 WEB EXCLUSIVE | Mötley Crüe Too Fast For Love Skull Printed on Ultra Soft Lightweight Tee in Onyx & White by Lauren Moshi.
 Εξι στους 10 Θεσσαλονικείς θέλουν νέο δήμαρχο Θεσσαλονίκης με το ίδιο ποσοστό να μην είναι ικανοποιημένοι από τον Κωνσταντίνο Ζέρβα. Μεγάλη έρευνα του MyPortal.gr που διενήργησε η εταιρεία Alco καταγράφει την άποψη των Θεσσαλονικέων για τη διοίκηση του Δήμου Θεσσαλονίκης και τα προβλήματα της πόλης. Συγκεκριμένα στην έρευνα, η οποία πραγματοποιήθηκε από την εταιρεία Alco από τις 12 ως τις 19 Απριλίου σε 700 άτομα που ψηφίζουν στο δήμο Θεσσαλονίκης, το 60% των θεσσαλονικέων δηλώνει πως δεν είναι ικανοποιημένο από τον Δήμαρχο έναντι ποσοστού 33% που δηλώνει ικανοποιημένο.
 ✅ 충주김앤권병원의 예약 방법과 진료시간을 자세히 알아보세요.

════════════════════

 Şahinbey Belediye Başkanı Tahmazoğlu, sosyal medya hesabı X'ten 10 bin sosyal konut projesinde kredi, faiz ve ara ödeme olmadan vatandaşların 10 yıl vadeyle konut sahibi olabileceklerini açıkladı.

════════════════════

Above are the records; repeat exactly the lines from the one holding "WEB EXCLUSIVE |" down to the one holding "진료시간을 자세히 알아보세요.", end lines included.

Solution:
 WEB EXCLUSIVE | Mötley Crüe Too Fast For Love Skull Printed on Ultra Soft Lightweight Tee in Onyx & White by Lauren Moshi.
 Εξι στους 10 Θεσσαλονικείς θέλουν νέο δήμαρχο Θεσσαλονίκης με το ίδιο ποσοστό να μην είναι ικανοποιημένοι από τον Κωνσταντίνο Ζέρβα. Μεγάλη έρευνα του MyPortal.gr που διενήργησε η εταιρεία Alco καταγράφει την άποψη των Θεσσαλονικέων για τη διοίκηση του Δήμου Θεσσαλονίκης και τα προβλήματα της πόλης. Συγκεκριμένα στην έρευνα, η οποία πραγματοποιήθηκε από την εταιρεία Alco από τις 12 ως τις 19 Απριλίου σε 700 άτομα που ψηφίζουν στο δήμο Θεσσαλονίκης, το 60% των θεσσαλονικέων δηλώνει πως δεν είναι ικανοποιημένο από τον Δήμαρχο έναντι ποσοστού 33% που δηλώνει ικανοποιημένο.
 ✅ 충주김앤권병원의 예약 방법과 진료시간을 자세히 알아보세요.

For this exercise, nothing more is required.